Le 6 décembre 1273, à la fête de saint Nicolas, un basculement se produit. Thomas, célébrant la messe dans la chapelle du couvent de Naples, est traversé par une vision qui le laisse silencieux. À partir de ce jour, il cesse d’écrire. Il était au cœur du traité de la Pénitence de la Somme théologique. Son secrétaire, frère Réginald, lui demande pourquoi il s’arrête :

« Réginald, je ne puis plus. » (Raynalde, non possum.)

Expérience mystique ? Extase contemplative ? Ou bien une brûlure si grande que les mots deviennent superflus ? Lui qui, toujours, avait écrit, enseigné, illuminé les esprits, dépose la plume comme on laisse tomber ce qui ne peut plus servir.

« Tout ce que j’ai écrit me semble de la paille à côté de ce que j’ai vu (4). »

La  Somme Théologique , de la paille ( bacula ) ? Un frère prêcheur devenu silencieux ? Et pourtant quel frère prêcheur ! Celui-là même qui professait que la théologie n'était rien de moins qu'une participation, sur le plan du savoir humain, à la vision que Dieu a de Lui-même.

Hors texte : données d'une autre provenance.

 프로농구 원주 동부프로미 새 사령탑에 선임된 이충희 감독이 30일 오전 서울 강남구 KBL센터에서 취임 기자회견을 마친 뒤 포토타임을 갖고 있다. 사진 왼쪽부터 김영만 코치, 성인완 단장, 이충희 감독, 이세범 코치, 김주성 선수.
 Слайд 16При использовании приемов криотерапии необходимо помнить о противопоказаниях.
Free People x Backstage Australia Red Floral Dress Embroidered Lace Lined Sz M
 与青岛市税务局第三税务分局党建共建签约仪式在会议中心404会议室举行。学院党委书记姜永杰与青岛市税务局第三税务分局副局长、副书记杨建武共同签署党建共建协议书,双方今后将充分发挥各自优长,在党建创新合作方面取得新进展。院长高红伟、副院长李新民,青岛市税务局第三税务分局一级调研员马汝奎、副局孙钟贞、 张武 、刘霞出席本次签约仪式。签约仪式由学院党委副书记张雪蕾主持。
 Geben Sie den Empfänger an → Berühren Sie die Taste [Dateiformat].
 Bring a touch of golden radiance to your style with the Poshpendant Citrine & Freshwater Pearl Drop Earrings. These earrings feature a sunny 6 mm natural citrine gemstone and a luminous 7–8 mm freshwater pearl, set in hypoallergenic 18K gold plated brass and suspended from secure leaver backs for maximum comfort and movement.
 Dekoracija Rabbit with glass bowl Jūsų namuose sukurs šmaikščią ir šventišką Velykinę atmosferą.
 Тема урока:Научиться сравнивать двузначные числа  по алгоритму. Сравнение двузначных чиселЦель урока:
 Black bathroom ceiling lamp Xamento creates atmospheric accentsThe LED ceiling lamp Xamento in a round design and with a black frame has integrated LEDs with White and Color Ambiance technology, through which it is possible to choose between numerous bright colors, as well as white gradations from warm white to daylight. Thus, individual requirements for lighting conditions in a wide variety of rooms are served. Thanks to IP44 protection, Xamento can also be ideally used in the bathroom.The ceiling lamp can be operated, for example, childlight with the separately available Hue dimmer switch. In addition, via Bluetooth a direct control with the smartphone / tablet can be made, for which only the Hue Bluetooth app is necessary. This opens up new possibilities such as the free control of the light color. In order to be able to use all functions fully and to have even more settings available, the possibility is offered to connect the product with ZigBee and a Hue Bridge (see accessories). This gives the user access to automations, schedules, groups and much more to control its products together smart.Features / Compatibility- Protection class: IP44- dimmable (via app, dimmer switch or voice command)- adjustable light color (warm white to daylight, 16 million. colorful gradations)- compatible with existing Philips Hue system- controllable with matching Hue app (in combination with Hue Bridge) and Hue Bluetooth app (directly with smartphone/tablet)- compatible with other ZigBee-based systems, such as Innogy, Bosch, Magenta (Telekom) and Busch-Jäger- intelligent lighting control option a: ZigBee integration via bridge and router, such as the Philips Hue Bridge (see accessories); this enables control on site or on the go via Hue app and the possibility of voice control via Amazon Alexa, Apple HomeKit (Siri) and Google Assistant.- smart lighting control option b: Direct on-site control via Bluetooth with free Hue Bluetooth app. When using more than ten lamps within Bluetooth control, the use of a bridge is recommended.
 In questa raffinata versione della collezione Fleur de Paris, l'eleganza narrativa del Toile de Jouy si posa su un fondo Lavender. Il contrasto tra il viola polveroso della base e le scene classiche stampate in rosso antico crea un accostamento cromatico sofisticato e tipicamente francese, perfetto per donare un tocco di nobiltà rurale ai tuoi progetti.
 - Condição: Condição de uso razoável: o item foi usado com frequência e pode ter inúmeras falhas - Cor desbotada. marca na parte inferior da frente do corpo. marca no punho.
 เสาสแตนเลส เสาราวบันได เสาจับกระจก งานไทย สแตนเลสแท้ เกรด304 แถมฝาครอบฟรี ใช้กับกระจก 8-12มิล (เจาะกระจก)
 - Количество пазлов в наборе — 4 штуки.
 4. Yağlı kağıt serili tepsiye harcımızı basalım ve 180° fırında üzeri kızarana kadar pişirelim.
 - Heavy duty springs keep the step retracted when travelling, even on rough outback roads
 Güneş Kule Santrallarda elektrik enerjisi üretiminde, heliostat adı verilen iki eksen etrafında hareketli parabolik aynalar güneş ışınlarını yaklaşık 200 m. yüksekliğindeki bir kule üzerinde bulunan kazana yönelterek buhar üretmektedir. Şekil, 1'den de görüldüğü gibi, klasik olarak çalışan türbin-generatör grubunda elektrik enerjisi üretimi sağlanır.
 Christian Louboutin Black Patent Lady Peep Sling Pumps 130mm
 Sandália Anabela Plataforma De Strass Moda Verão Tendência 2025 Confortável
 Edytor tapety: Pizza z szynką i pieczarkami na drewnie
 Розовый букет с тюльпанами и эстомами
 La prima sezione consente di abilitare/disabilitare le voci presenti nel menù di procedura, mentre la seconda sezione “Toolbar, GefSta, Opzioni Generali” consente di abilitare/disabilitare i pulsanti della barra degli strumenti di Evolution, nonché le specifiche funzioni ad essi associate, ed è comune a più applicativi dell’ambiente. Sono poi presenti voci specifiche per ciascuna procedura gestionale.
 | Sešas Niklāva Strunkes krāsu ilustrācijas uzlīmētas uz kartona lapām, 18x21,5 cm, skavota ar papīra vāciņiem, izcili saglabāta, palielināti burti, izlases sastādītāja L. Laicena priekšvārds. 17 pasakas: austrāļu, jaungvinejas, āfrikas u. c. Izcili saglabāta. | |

La théologie est  Sacra Doctrina , science sacrée insaisissable ! Entre la connaissance que Dieu a de Lui-même et celle qu'Il nous enseigne par Sa parole dans les Écritures, il n'y a pas de différence de contenu : seule la distance entre l'Infini et notre finitude creuse l'écart. La théologie, en tant que science subordonnée à la Sagesse divine (5), puise son fondement dans l'intelligence de l'Écriture. Dès lors, comment saint Thomas aurait-il pu réduire à néant l'immense labeur qu'il consacra à instruire les esprits commençants dont il avait la charge ? Non, il n'a pas méprisé son œuvre. Lui-même reconnaissait avoir été éclairé par Moïse et saint Paul. Comment alors prétendre que son silence fut une négation de la parole, une annulation de tout ce qu'il avait enseigné ? Une grâce divine, authentique, n'a jamais conduit un religieux à manquer à son devoir d'état (6). D'ailleurs, envoyé à Naples pour enseigner, Thomas a enseigné. Quant à cette prétendue 'impossibilité d'écrire quoi que ce soit', elle n'empêcha pas saint Thomas d'Aquin de répondre par écrit à une consultation de l'abbé du Mont-Cassin (7). Un « paillé » de plus, diront certains. Mais quelle paille, si c'en est une ! Mais que signifie ce silence ? Est-ce une négation de l’œuvre accomplie ou son achèvement suprême ?

Notes

(1) Lydie Dattas, Le livre des anges , Gallimard, 2013.

(2) Dante, Divine comédie , Purgatorio , chant 27. « Vois que ce mur ne peut être franchi pour toi autrement ; mais si tu te jettes dans le feu, derrière moi tu viendras en sûreté et tu sortiras indemne ». 

(3) Lydie Dattas, Le livre des anges , Gallimard, 2013. 

(4) « Et hoc modo sacra doctrina est scientia : quia procedit ex principiis notis lumine Superioris scientiae, quae scilicet est scientia Dei et beatorum ».

(5) Thomas d’Aquin, Ia , q.1, a.2, resp. : « Et hoc modo sacra doctrina est scientia : quia procedit ex principiis notis lumine superioris scientiae, quae scilicet est scientia Dei et beatorum ».

(6) Comme l'écrit André Clément « on sait que frère Thomas était appliqué à remplir avec exactitude les charges qui lui étaient confiées. C'est ainsi qu'on raconte qu'étant affligé d'une rage de dents, peu avant le début d'un cours, il se mît en prière pour fournir Dieu de lui permettre de faire son cours ». La Sagesse de Thomas d'Aquin, Nouvelles Éditions Latines, Paris, 1983.

(7) Lettre à Bernard Ayglier, Abbé du Mont-Cassin, Epistola ad Bernardum abbatem casinensem Editio leonina , t. 42, 413-415 (texte). Adressée à Bernard Ayglier, abbé du Mont-Cassin, cette lettre explique le sens d'un passage des Moralia de S. Grégoire relatif à l'infaillibilité de la prescience divine et à ses rapports avec la liberté humaine. Dernière en date des œuvres de Thomas, elle fut écrite vers la mi-février 1274 à Aquino ou au château de Maenza, tandis qu'il faisait route pour se rendre au concile de Lyon.